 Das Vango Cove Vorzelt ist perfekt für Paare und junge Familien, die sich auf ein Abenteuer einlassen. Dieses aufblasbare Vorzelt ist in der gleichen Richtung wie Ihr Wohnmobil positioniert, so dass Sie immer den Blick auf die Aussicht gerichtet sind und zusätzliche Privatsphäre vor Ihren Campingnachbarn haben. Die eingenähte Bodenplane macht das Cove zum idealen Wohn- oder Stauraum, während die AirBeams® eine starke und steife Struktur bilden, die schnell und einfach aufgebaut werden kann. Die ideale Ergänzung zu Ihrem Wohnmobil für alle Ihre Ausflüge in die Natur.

┄┄┄┄┄┄┄┄┄┄

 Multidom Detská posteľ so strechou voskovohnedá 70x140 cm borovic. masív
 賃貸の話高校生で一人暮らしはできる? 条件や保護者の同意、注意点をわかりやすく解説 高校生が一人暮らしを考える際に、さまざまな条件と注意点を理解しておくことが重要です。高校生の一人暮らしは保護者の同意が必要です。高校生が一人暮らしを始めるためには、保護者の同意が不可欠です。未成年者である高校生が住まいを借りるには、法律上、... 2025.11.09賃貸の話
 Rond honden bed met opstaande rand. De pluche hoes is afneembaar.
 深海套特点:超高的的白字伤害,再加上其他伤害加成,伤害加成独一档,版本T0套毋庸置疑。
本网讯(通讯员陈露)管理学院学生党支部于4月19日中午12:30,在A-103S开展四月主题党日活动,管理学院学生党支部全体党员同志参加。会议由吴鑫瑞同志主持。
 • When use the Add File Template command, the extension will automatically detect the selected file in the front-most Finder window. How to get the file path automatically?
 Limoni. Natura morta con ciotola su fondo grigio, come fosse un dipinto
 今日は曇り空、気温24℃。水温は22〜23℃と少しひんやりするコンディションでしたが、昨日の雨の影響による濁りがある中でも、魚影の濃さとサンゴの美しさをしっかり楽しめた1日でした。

┄┄┄┄┄┄┄┄┄┄

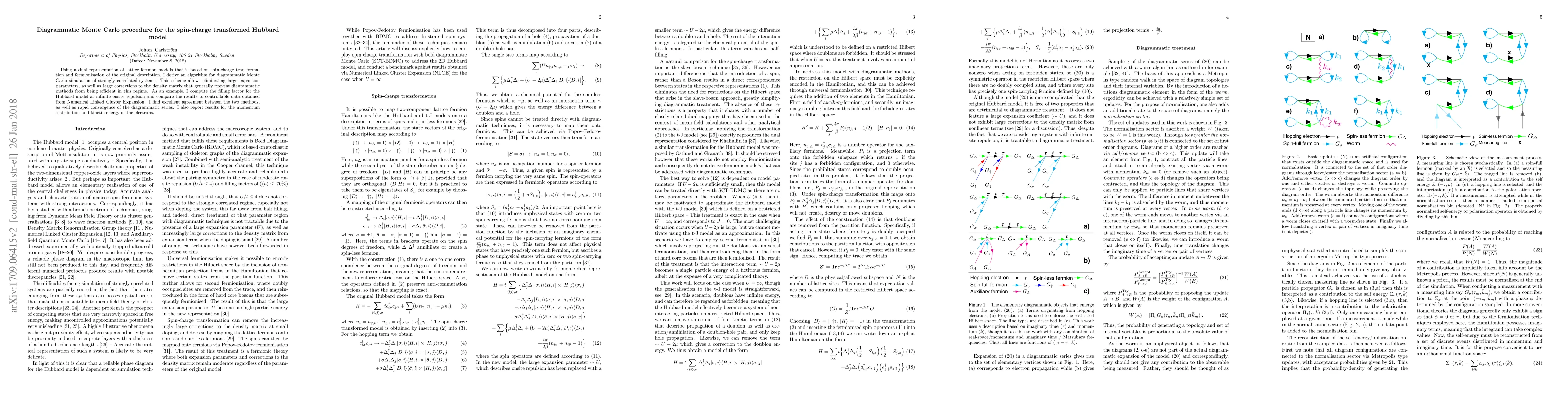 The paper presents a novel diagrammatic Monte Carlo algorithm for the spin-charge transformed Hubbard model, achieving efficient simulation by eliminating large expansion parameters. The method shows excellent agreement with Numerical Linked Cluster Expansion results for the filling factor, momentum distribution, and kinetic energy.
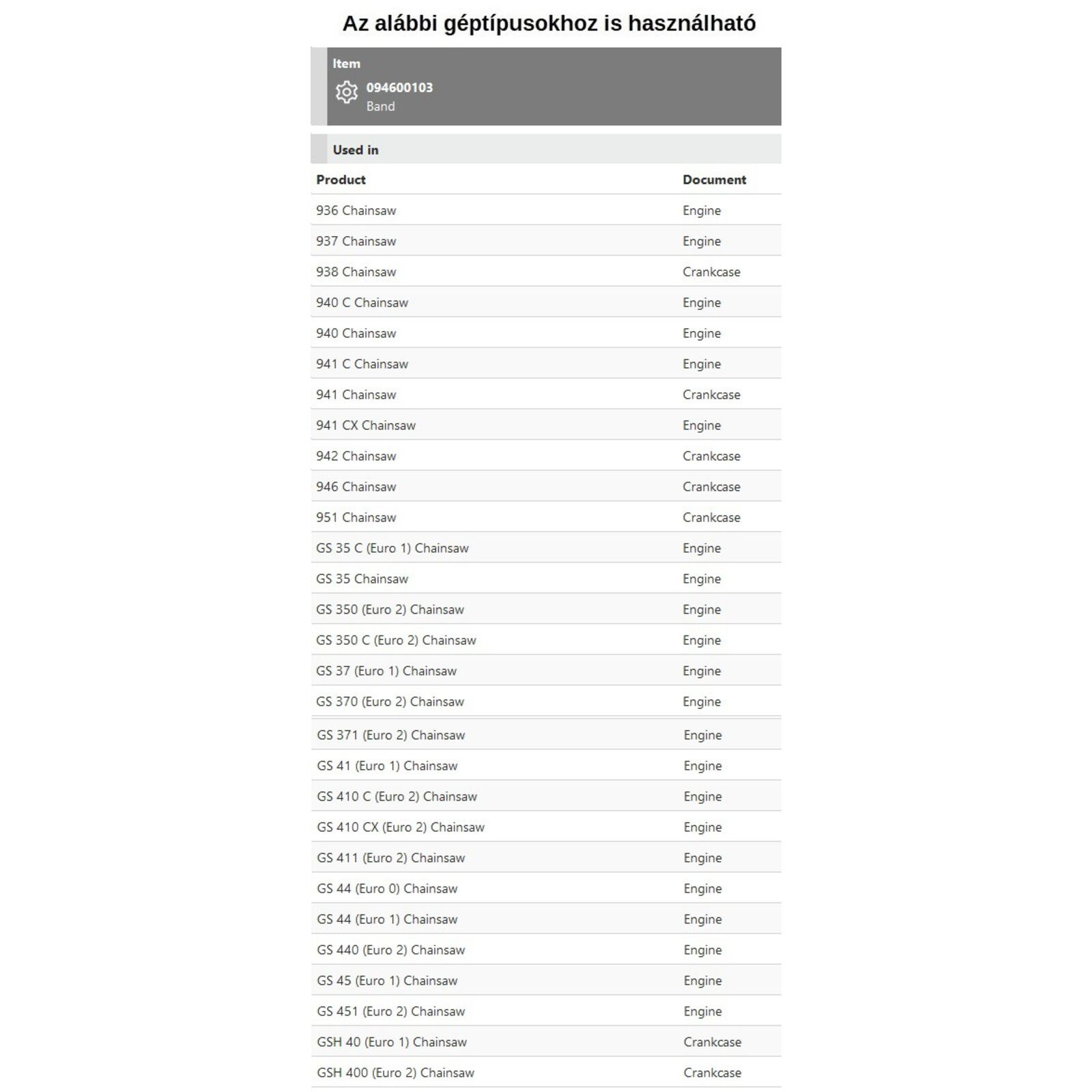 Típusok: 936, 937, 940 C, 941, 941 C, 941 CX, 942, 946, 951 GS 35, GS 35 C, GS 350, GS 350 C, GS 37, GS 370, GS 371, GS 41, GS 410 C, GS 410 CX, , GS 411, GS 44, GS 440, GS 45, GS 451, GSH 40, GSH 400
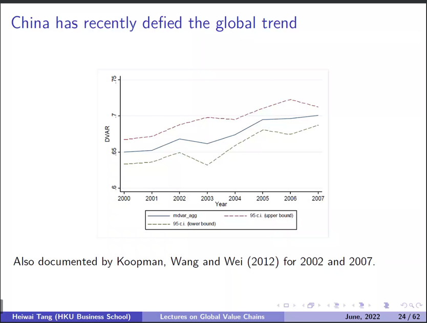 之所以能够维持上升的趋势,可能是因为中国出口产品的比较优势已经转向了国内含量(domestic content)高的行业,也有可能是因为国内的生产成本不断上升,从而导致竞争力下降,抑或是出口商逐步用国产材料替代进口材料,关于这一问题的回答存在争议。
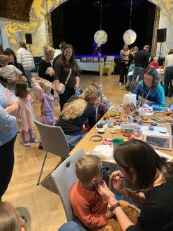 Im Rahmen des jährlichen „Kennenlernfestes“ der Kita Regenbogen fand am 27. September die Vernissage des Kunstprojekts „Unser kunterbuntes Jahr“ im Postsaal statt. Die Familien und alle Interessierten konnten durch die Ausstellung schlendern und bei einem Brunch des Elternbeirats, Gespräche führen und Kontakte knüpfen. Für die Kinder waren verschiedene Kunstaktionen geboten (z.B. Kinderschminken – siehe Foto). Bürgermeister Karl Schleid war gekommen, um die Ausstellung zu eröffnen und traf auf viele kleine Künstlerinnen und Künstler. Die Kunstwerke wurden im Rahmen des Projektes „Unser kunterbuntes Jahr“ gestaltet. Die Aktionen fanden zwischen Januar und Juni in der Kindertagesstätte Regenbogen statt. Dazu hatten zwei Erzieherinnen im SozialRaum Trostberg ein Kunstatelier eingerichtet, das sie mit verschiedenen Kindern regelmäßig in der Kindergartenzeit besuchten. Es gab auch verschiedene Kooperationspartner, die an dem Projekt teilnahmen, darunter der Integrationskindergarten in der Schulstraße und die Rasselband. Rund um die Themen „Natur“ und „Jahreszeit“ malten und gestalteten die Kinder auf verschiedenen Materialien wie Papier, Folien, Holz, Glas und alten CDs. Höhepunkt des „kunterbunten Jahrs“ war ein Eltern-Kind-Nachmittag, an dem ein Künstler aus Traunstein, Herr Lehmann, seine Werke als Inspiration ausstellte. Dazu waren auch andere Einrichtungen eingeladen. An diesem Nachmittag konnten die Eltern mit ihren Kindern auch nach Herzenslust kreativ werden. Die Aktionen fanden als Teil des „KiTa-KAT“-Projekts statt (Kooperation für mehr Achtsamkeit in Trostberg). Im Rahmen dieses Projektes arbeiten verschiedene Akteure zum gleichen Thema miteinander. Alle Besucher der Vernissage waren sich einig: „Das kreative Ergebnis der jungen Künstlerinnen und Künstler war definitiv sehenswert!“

┄┄┄┄┄┄┄┄┄┄

### Your goal
Looking at the entries above, can you reproduce exactly the lines from the one that holds "file path automatically?" through the one that holds "今日は曇り空、気温24℃。水", and only those?

### Exercise result
 • When use the Add File Template command, the extension will automatically detect the selected file in the front-most Finder window. How to get the file path automatically?
 Limoni. Natura morta con ciotola su fondo grigio, come fosse un dipinto
 今日は曇り空、気温24℃。水温は22〜23℃と少しひんやりするコンディションでしたが、昨日の雨の影響による濁りがある中でも、魚影の濃さとサンゴの美しさをしっかり楽しめた1日でした。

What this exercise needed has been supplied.